Fleming is the founding spokesperson of the ArgoNeuT experiment and current collaborator on the ArgoNeuT, LArIAT, SBND, and future DUNE experiments at Fermilab.  Concurrently, the group is developing the next generation of accelerator neutrino detectors – Liquid Argon Time Projection Chambers (LArTPC)—for  all of these programs.

Fleming received the American Physical Society (APS) Division of Particles and Fields (DPF) mentoring award in 2018. Fleming is also the Yale Department of Physics’ Director of Graduate Students (DGS).

She also initiated the Girls Science Investigations through her NSF CAREER grant in 2006. This is a Saturday program for 6-8th grade girls in New Haven, where they engage in hands-on science experiments at Yale, guided by a team of volunteer mentors. It continues today with private donations and funding through Yale University. Many of our other faculty mentors, postdocs, and undergraduate and graduate students at Wright Lab also participate in this quarterly outreach activity.

See also Fleming’s recent Who’s Who at the Lab feature.

Reina Maruyama

Reina Maruyama, associate professor of physics, designs and carries out cutting-edge experiments to study neutrinos and dark matter in nuclear particle astrophysics. The aim of these experiments are to solve some of the greatest mysteries of the evolution of the Universe–what is the Universe made of, and why does it have more matter than anti-matter?
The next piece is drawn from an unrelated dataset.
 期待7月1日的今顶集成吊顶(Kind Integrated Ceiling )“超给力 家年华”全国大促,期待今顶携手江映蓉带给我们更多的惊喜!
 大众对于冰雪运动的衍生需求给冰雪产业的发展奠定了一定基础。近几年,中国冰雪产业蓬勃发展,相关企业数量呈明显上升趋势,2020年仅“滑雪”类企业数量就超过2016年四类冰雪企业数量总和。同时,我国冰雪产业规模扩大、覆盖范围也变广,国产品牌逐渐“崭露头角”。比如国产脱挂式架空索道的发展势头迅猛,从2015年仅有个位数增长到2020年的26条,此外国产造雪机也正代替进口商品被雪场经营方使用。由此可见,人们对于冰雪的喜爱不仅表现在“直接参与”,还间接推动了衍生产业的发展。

Maruyama is involved in the leadership of multiple collaborative experiments. She is the PI and Scientific Co-Spokesperson of COSINE-100, a dark matter detector located at the Yangyang Underground Laboratory in South Korea designed to test the claims  that DAMA has directly detected a dark matter signal; this experiment continues the DM-Ice experiment, for which Maruyama is also PI and Scientific Co-Spokesperson.  Maruyama is co-PI of HAYSTAC, a dark matter detector searching for axions located at the Yale Wright Laboratory, and is the Chair of the CUORE council, an experiment the Laboratori Nazionali del Gran Sasso (LNGS) in Assergi, Italy searching for neutrinoless double-beta decay.  She has held several scientific and technical leadership positions at the IceCube Neutrino Observatory, located at the South Pole.
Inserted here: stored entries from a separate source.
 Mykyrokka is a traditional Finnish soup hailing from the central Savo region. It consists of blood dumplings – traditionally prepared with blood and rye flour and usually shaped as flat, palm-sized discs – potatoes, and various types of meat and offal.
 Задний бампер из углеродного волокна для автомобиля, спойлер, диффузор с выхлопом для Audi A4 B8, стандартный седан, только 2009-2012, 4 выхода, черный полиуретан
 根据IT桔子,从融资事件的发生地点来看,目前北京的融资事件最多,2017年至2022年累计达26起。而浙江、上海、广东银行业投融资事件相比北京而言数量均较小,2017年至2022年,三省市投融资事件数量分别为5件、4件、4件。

Maruyama is an author of 200+ publications and has presented her work in numerous conferences and workshops. She is often quoted in popular science press such as APS News, Nature News, Science News, and Symmetry Magazine for her work on dark matter and neutrinoless double beta decay.

Maruyama is the recipient of several awards, including the Sloan Research Fellowship, NSF CAREER Award, Yale Public Voices Fellowship, and Woman Physicist of the Month from CSWP.
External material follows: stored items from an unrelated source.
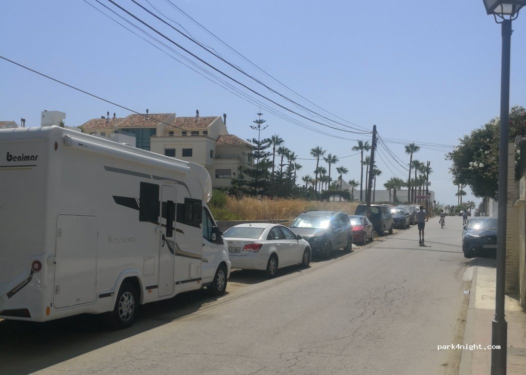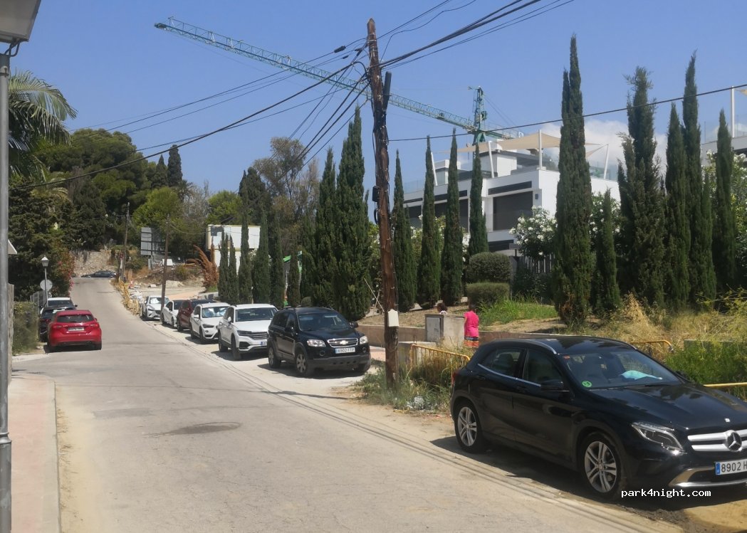 Aparcamiento en línea casi vacío por las noches. Zona muy tranquila a dos minutos del paseo de la playa. Por las calles paralelas también hay espacios para aparcar vehículos pequeños.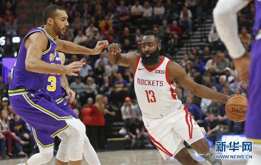 12月6日,火箭队球员哈登(右)在比赛中带球突破。 当日,在2018-2019赛季NBA常规赛中,犹他爵士队主场以118比91战胜休斯敦火箭队。 新华社/美联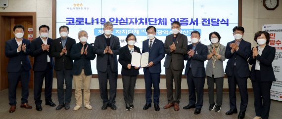 [광주=뉴시스] 변재훈 기자 = 광주 광산구는 전국 시민단체, 전문가들로부터 자율방역 실천 등 단계적 일상 회복에 앞장서는 '안심자치단체' 1호로 인증받았다고 1일 밝혔다.

She was chosen by Ingenium to be featured on a poster for their Women in STEM initiative, intended to engage, advance and retain the interest of young women in the STEM fields. 

Maruyama also shared her expertise on “Strategies for dealing with micro-aggressions or implicit bias” at the 2019 Granville Academy, a week of diversity and inclusion workshops for undergraduate students doing summer research in astronomy and physics that is co-organized by Wright Lab and the Yale Department of Astronomy.

See also Maruyama’s recent Who’s Who at the lab feature.

Laura Newburgh

Laura Newburgh, assistant professor of physics, is an experimental astrophysicist and cosmologist who builds instruments to chart the past 13 billion years of cosmic history: measuring the Cosmic Microwave Background with millimetre-wave telescopes and Large Scale Structure with radio telescopes. The resulting data sets will probe the nature of Dark Energy, Dark Matter, the sum of neutrino masses, and cosmic inflation. Her work spans hardware, software, and analysis for CMB and 21cm cosmology through her current projects CHIME, HIRAX, Simons Observatory, and CMB-S4.

Newburgh received a NSF CAREER award in 2018.

She has done outreach with the Yale Pathways Summer Scholars program, including a workshop where about thirty high school students observed laboratory star-fields using backyard telescopes to learn about resolution and magnification.